Bukele's party in El Salvador ousts top prosecutor, spurring U.S. criticism
- The party of El Salvador's president, Nayib Bukele, voted early yesterday to remove the Central American country's top prosecutor, part of an intensifying political drama that has drawn criticism from U.S. officials and others.
The vote shortly after midnight to dismiss Attorney General Raul Melara followed a new legislative majority's vote on Saturday night to oust all of the judges who sit in the constitutional chamber of the nation's Supreme Court.
The vote provoked rebukes from opposition lawmakers as well as some international rights organizations.
After a call with Bukele later yesteday, U.S. Secretary of State
Antony Blinken expressed "grave concern" over the ouster of the judges and prosecutor in a statement.
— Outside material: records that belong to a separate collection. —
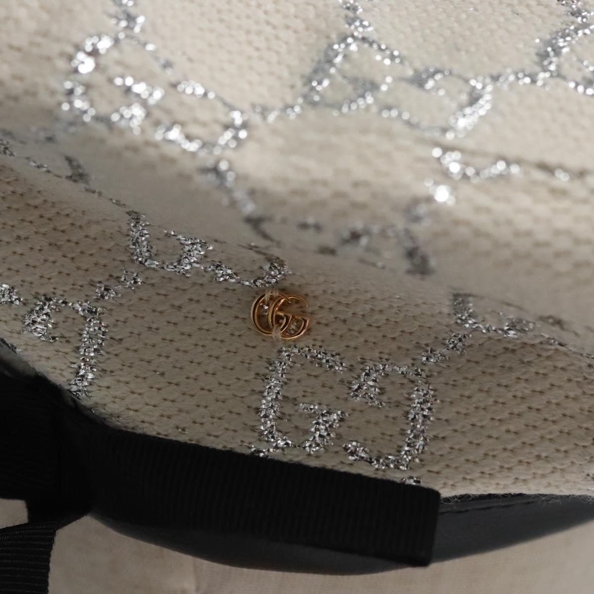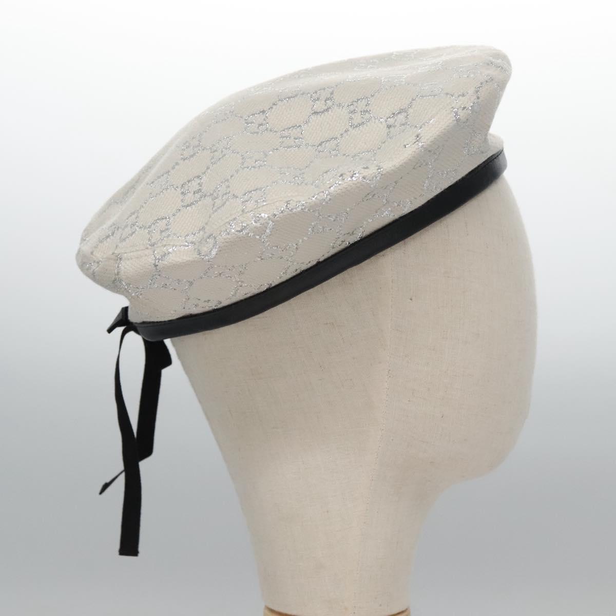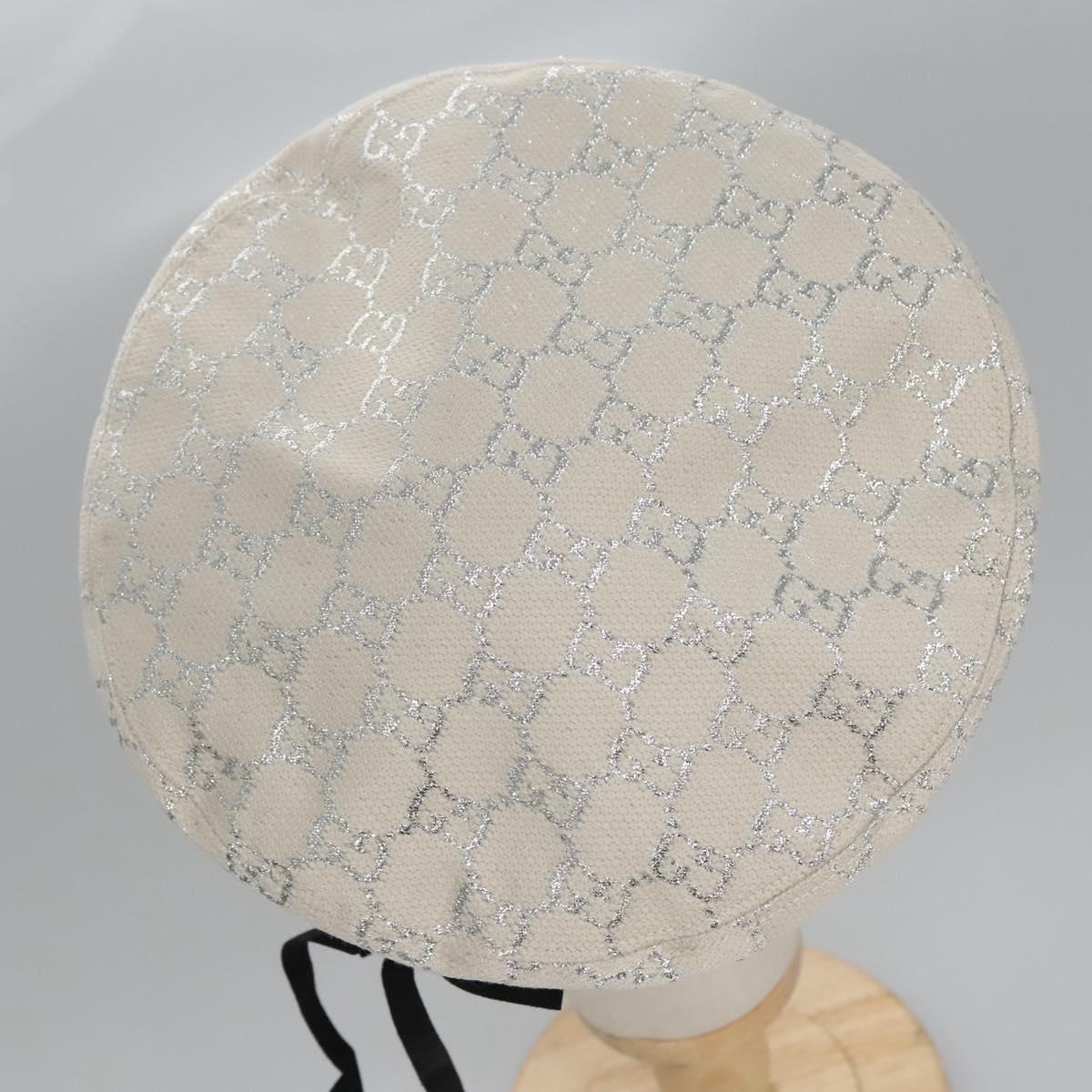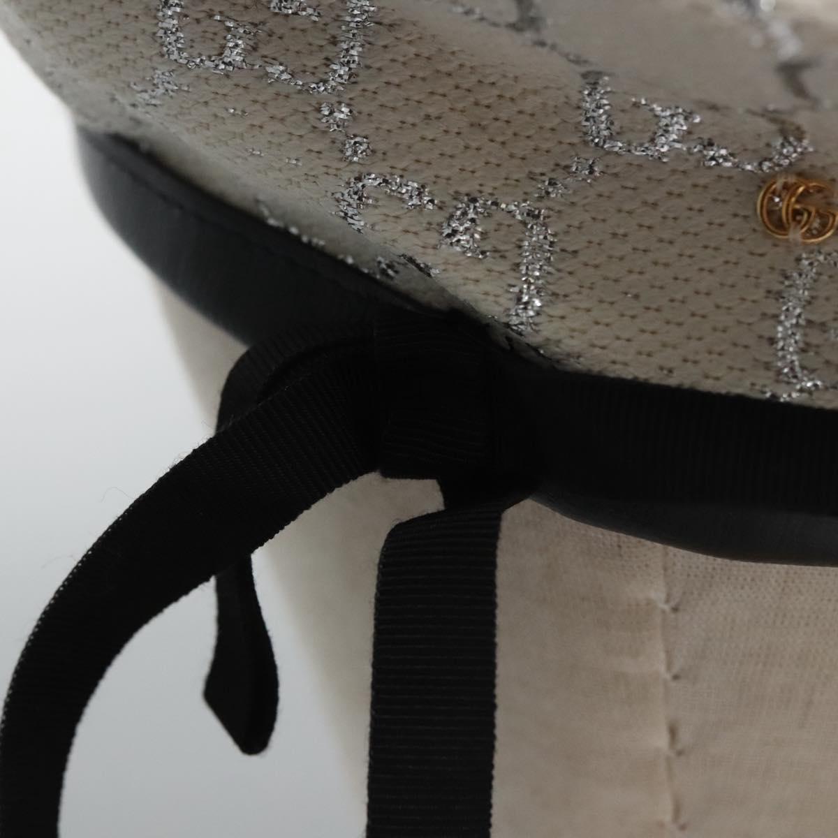 GUCCI GG Canvas Beret Hat M Silver 603409 Auth ac3643V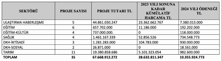 5. 2024 yılı yatırım programında Keşan yok!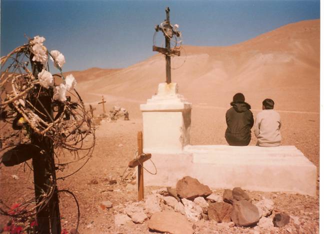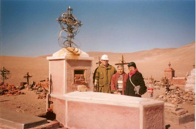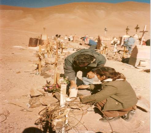 Señora Teodolinda Rojas e hijo en la tumba de un ser querido.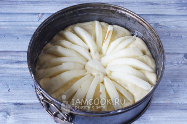 Сверху выкладываем яблочные дольки, втыкая их в тесто, как показано на фото.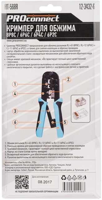 12-3432-6 для RJ-45/RJ-12/RJ-11 черный/синий

U.S. Vice President Kamala Harris tweeted late on Sunday that the United States had "deep concerns about El Salvador’s democracy, in light of the National Assembly’s vote to remove constitutional court judges."
Ruling party lawmakers accused Melara, whose office wields significant power to conduct investigations, of lacking independence, while Blinken cited what he described as the chief prosecutor's effective track record in fighting corruption and impunity. President Joe Biden's administration has cited corruption in El Salvador, Guatemala and Honduras as one of the root causes, along with gang violence and poverty, of the increased flow of migrants to the U.S.-Mexico border.
His administration is pressing those governments to do more to fight crime.